• **TASK DETAILS**
Word-for-word transcription: reproduce all of the data, but not the pictures.

• **PROVIDED DATA**
▼

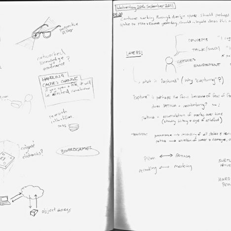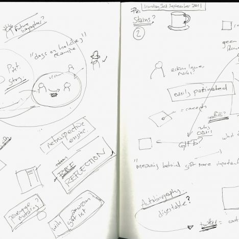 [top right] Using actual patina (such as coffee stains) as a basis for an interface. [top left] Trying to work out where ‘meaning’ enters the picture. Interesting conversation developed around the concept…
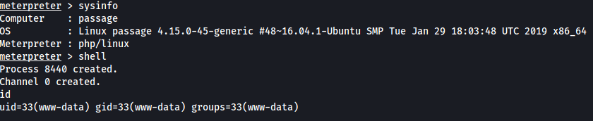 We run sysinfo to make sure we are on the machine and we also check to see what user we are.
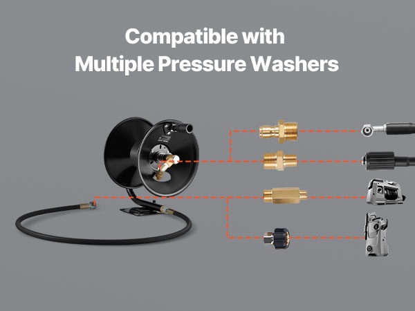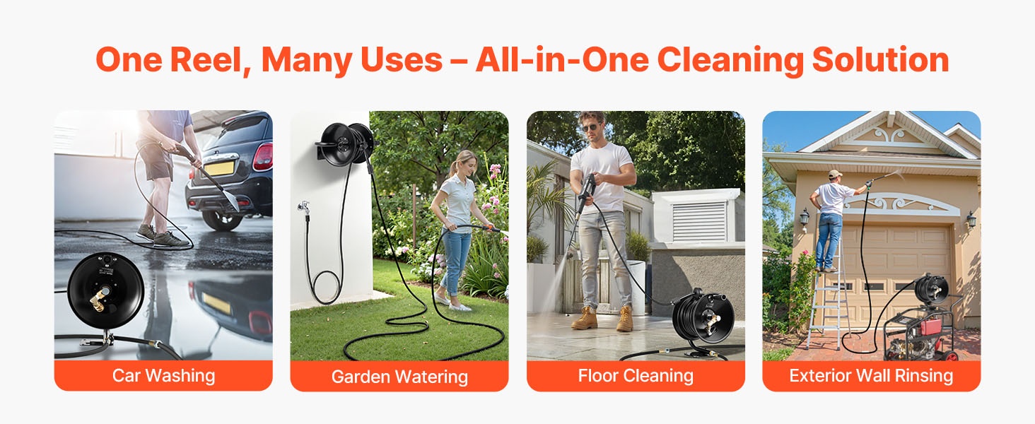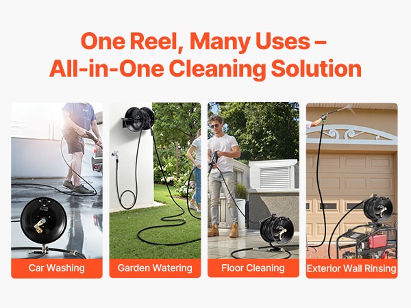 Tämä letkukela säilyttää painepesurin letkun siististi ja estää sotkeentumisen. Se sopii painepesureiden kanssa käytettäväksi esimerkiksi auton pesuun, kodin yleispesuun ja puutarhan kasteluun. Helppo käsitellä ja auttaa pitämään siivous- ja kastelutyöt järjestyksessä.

▲

• **EXERCISE ANSWER**
 [top right] Using actual patina (such as coffee stains) as a basis for an interface. [top left] Trying to work out where ‘meaning’ enters the picture. Interesting conversation developed around the concept…
 We run sysinfo to make sure we are on the machine and we also check to see what user we are.
 Tämä letkukela säilyttää painepesurin letkun siististi ja estää sotkeentumisen. Se sopii painepesureiden kanssa käytettäväksi esimerkiksi auton pesuun, kodin yleispesuun ja puutarhan kasteluun. Helppo käsitellä ja auttaa pitämään siivous- ja kastelutyöt järjestyksessä.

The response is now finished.